EUROPEAN EQUITY UPDATE: Wednesday’s equity exuberance wanes as risk events loom
Analysis details (10:42)
Following the significant gains yesterday, the mood across European equities was softer in the run-up to the cash open as traders eyed a myriad of risk events - including the Russia/Ukraine FM meeting (concluded), EU leaders’ meeting, and the ECB statement and presser (full preview available on the Newsquawk Research Suite). US CPI is also on today’s docket, albeit the release will be slightly stale given the invasion of Ukraine since but will nonetheless attract focus ahead of next week’s FOMC. During the morning, the confab between the Russia-Ukraine Foreign Ministers did not bear fruits, with no progress on a ceasefire and little in terms of compromise. Russian Foreign Minister Lavrov said a possible meeting between the Ukrainian and Russian presidents was discussed, but more preparations are needed. European equities were already tilting lower but the pressers did not exert any additional major pressure on the benchmarks as the ECB governing council meets. US equity futures are subdued across the board with deeper losses seen in the RTY (-1.0%) vs the NQ (-0.9%), ES (-0.7%) and the YM (-0.8%).
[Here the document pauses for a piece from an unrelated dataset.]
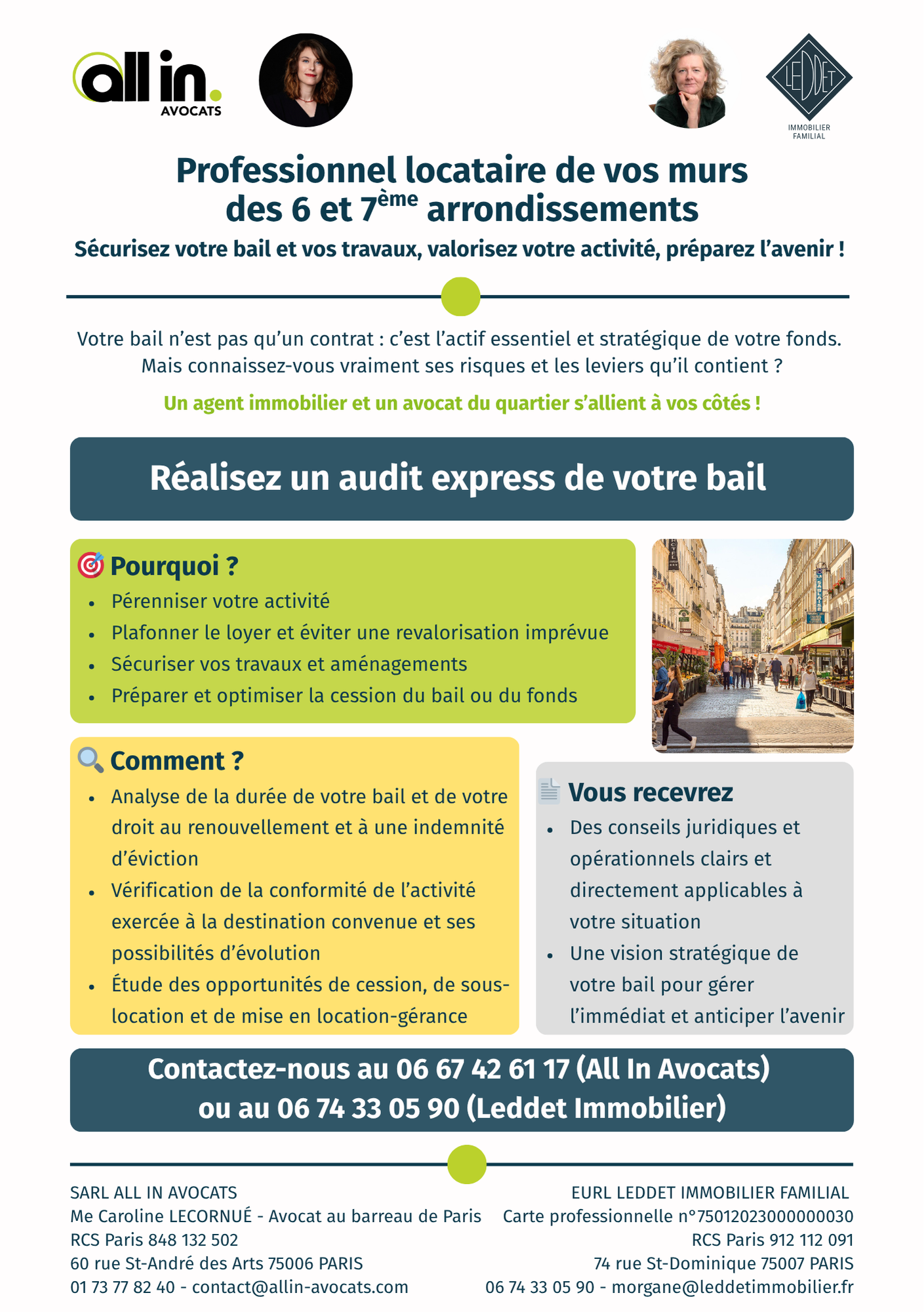 Réalisez un audit express de votre bail pour pérenniser votre activité, plafonner le loyer et éviter une revalorisation imprévue, sécuriser vos travaux et aménagements, préparer et optimiser la cession du bail ou du fonds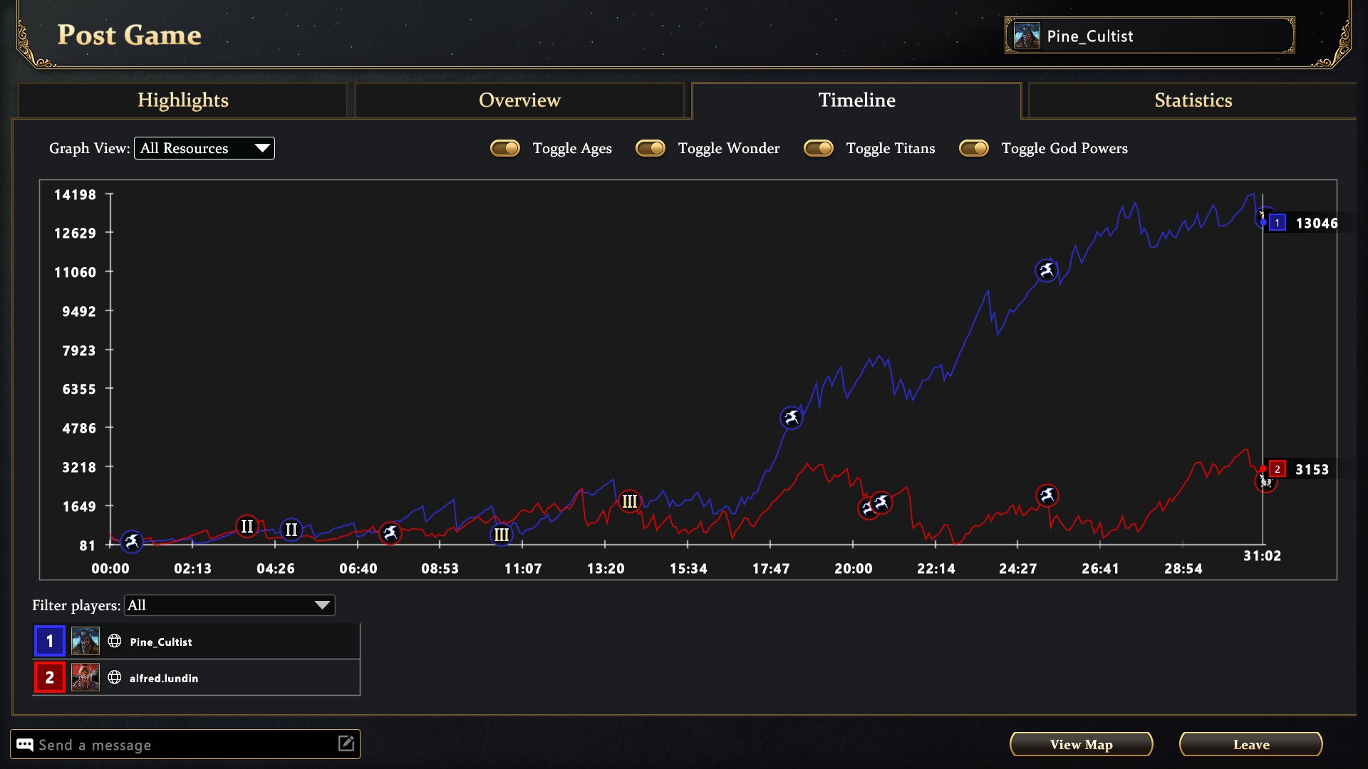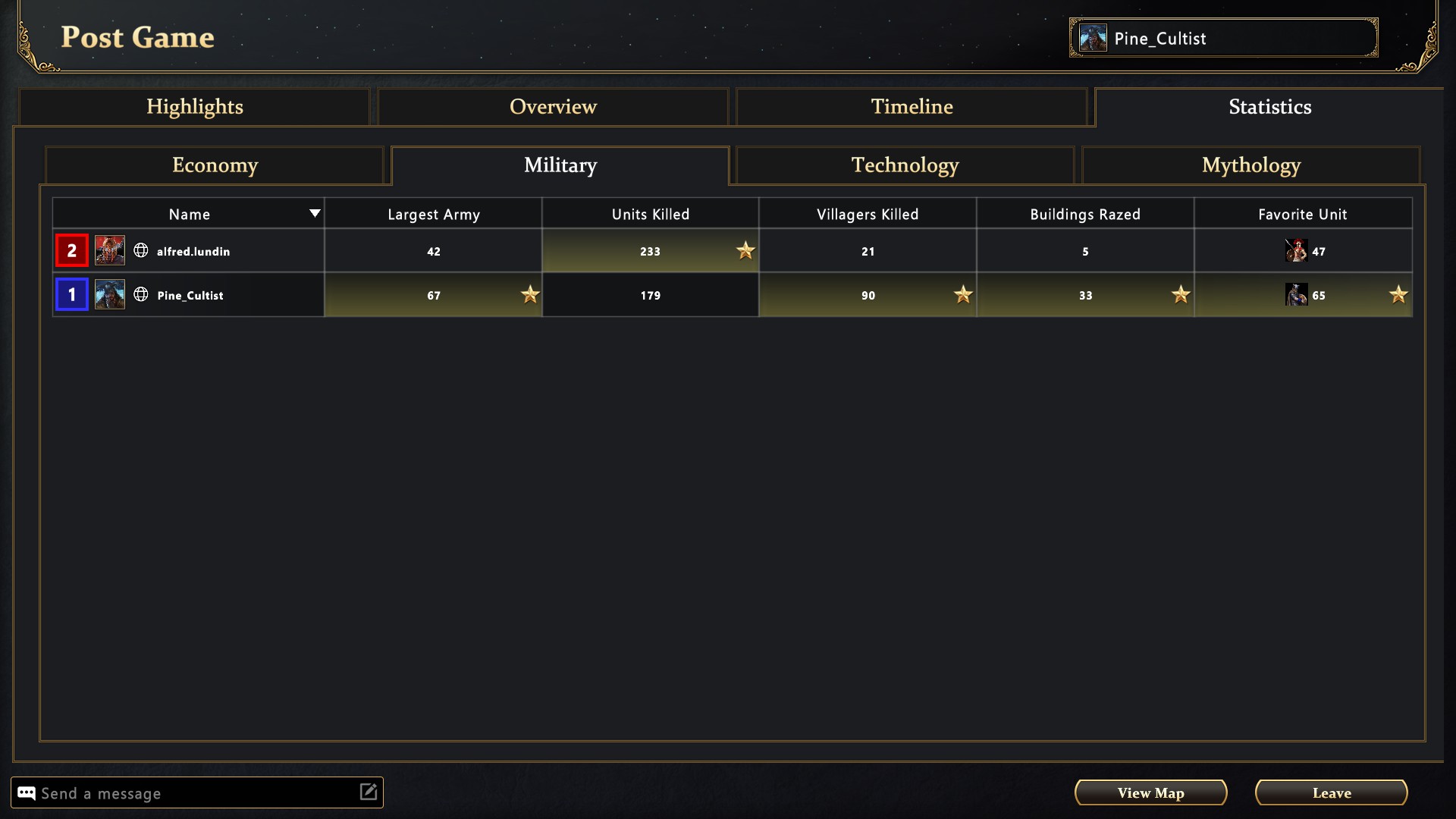 I completely agree. That’s what I’m talking about. It should depend on the player’s skill. I fought a noob who did one stupid thing after another, lost all his peasants, but still beat me in battle, simply because he chose the “right god”. I had a lost fight with Gaia. It was a very interesting fight, I liked it and I’m not complaining. I can definitely see that I was outplayed. But when I fight for 30 minutes with a person who has no idea what he’s doing and can’t win - it’s absurd.

Back to Europe, the cash market is posting varying degrees of losses (Euro Stoxx 50 -2.4%; Stoxx 600 -1.1%) – with the SMI (-0.1%) slightly more cushioned amid its large healthcare exposure and with defensives performing better than cyclical – although Basic Resources and Energy are also in the green as they again piggyback on the recovery of underlying commodities. The other side of the spectrum meanwhile sees Banks, Consumer Discretionary, Retail and Insurance. In terms of individual movers, Rio Tinto (-5.6%) is one of the few miners failing to gain from the broader sectoral rebound as it trades ex-divs and it suspended operations in Russia and halted shipments to Rusal's alumina refinery in Ireland. Meanwhile, shipping-name Hapag-Lloyd (+0.8%) saw a significant improvement in earnings Y/Y with the main drivers of these positive business developments have been significantly improved freight rates resulting from very strong demand for goods exported from Asia, whilst it expects the strained situation in the global supply chains will ease in the second half of the year. State-side, Amazon (+6% pre-mkt) yesterday approves a 20-for-1 stock split (effective from June 6th) and is to buy back up to USD 10bln of company stock.